◆ SOURCE RECORDS
------------------------------------------------

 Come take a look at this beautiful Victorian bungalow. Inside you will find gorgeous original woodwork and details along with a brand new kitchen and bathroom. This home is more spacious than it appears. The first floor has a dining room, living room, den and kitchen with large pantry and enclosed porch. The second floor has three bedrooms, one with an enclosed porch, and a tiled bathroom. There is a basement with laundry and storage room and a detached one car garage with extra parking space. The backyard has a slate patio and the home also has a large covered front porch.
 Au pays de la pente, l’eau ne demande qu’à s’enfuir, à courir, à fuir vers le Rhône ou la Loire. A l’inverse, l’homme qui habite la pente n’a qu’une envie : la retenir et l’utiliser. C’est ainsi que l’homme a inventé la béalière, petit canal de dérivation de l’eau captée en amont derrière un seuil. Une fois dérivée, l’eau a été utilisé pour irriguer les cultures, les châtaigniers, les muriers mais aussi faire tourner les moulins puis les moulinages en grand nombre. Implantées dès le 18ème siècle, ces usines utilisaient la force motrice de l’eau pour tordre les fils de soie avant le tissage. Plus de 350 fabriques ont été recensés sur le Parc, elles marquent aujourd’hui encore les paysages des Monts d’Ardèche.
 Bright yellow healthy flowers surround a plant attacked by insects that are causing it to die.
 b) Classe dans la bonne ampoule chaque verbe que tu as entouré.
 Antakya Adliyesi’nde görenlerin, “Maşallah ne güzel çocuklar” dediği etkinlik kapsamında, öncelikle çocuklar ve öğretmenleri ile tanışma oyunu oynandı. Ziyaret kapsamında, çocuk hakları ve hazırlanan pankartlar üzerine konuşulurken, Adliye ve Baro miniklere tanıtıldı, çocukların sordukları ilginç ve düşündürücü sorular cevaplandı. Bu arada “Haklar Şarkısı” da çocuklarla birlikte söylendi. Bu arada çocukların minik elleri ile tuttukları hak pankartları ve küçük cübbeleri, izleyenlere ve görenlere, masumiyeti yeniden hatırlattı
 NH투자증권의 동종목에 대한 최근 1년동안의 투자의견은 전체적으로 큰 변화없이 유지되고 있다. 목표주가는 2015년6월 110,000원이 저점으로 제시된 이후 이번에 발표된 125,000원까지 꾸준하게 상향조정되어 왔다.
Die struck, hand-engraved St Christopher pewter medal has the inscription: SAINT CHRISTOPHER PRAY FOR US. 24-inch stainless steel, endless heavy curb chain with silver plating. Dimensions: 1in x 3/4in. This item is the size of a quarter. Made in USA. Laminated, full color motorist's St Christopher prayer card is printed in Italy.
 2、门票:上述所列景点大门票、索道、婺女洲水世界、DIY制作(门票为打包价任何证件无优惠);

------------------------------------------------

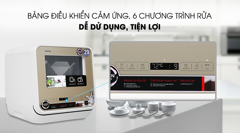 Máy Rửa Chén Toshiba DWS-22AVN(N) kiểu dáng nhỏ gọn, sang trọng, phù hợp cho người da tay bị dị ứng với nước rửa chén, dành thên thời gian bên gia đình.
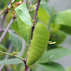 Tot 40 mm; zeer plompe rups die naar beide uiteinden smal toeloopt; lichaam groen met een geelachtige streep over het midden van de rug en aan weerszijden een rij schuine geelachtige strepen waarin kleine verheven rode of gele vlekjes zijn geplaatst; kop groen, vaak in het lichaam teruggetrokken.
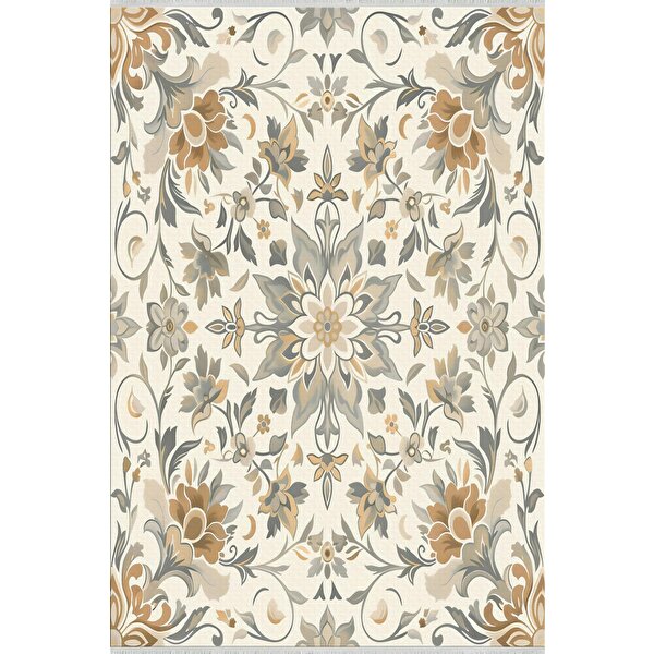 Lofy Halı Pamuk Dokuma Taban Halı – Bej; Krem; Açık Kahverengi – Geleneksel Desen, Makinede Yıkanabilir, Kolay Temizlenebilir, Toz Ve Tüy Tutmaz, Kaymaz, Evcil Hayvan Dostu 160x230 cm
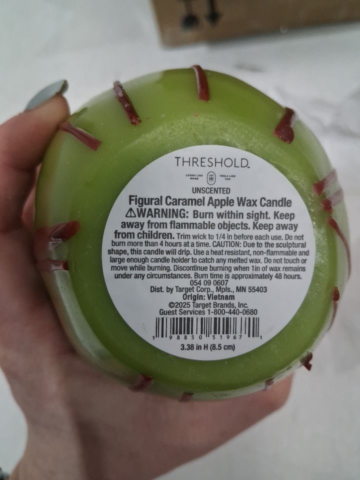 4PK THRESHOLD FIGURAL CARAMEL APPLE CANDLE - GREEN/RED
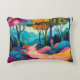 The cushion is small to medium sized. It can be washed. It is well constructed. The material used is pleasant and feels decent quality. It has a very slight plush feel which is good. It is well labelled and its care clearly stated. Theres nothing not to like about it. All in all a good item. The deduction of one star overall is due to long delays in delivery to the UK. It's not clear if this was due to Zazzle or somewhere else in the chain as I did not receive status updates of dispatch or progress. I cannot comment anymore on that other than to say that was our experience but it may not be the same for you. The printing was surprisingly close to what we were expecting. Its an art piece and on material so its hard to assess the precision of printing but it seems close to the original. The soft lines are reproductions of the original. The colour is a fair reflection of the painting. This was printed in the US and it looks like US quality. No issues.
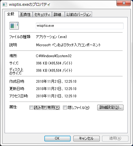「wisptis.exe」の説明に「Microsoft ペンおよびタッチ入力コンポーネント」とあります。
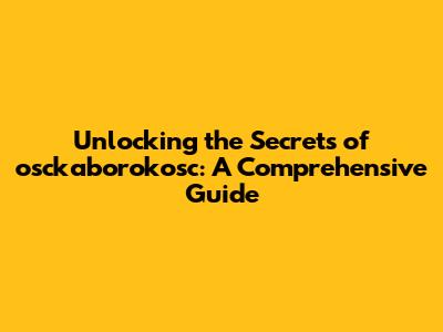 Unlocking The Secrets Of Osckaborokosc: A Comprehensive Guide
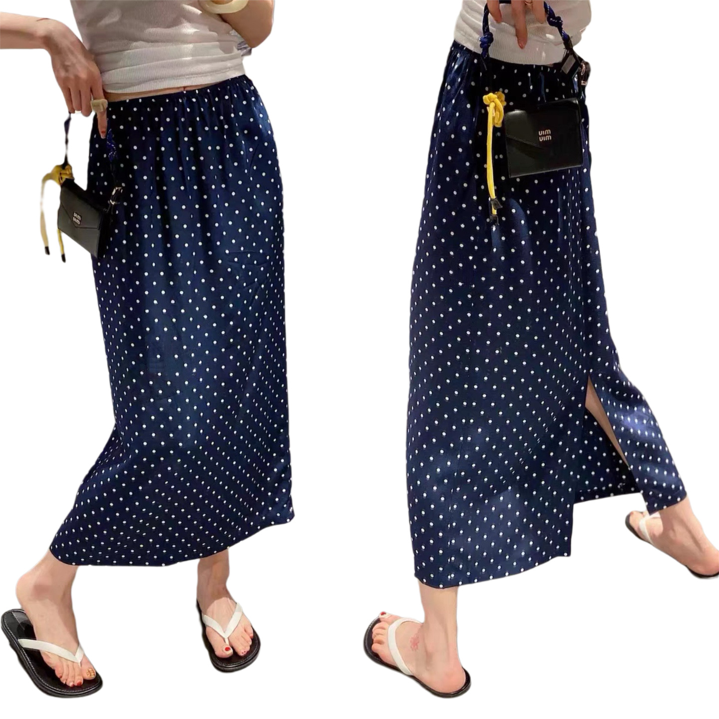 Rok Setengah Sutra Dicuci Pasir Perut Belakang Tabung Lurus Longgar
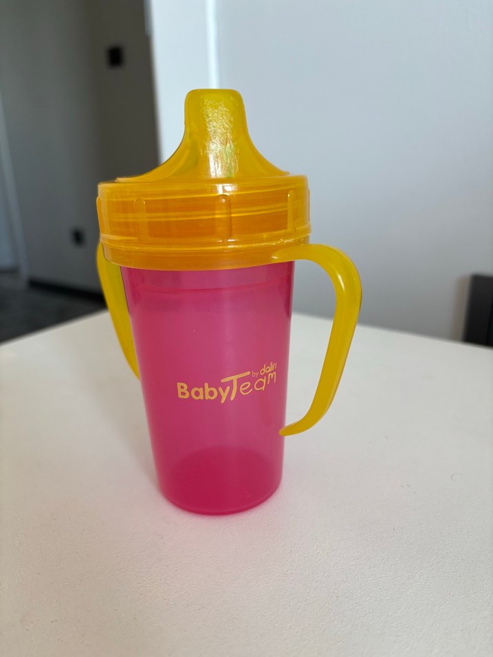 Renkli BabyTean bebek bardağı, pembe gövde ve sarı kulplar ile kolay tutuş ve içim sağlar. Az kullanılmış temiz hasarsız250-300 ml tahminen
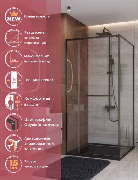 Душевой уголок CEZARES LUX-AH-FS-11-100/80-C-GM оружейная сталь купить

------------------------------------------------

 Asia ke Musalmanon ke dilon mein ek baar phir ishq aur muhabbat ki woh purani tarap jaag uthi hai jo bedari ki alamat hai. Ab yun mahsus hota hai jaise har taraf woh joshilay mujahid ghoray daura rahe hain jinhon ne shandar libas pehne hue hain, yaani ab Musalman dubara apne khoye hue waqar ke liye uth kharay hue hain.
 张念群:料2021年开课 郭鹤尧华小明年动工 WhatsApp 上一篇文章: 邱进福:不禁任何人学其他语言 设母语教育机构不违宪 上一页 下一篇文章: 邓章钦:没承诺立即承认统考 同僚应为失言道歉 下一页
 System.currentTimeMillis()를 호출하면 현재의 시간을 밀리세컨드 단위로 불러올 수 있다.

------------------------------------------------

◆ EXERCISE REQUIREMENTS
What you give back should be exactly the lines of the data above from the line with "Asia ke Musalmanon" through the line with "System.currentTimeMillis()를 호출하면 현재의", both of those included, and nothing more.

◆ OUTPUT
 Asia ke Musalmanon ke dilon mein ek baar phir ishq aur muhabbat ki woh purani tarap jaag uthi hai jo bedari ki alamat hai. Ab yun mahsus hota hai jaise har taraf woh joshilay mujahid ghoray daura rahe hain jinhon ne shandar libas pehne hue hain, yaani ab Musalman dubara apne khoye hue waqar ke liye uth kharay hue hain.
 张念群:料2021年开课 郭鹤尧华小明年动工 WhatsApp 上一篇文章: 邱进福:不禁任何人学其他语言 设母语教育机构不违宪 上一页 下一篇文章: 邓章钦:没承诺立即承认统考 同僚应为失言道歉 下一页
 System.currentTimeMillis()를 호출하면 현재의 시간을 밀리세컨드 단위로 불러올 수 있다.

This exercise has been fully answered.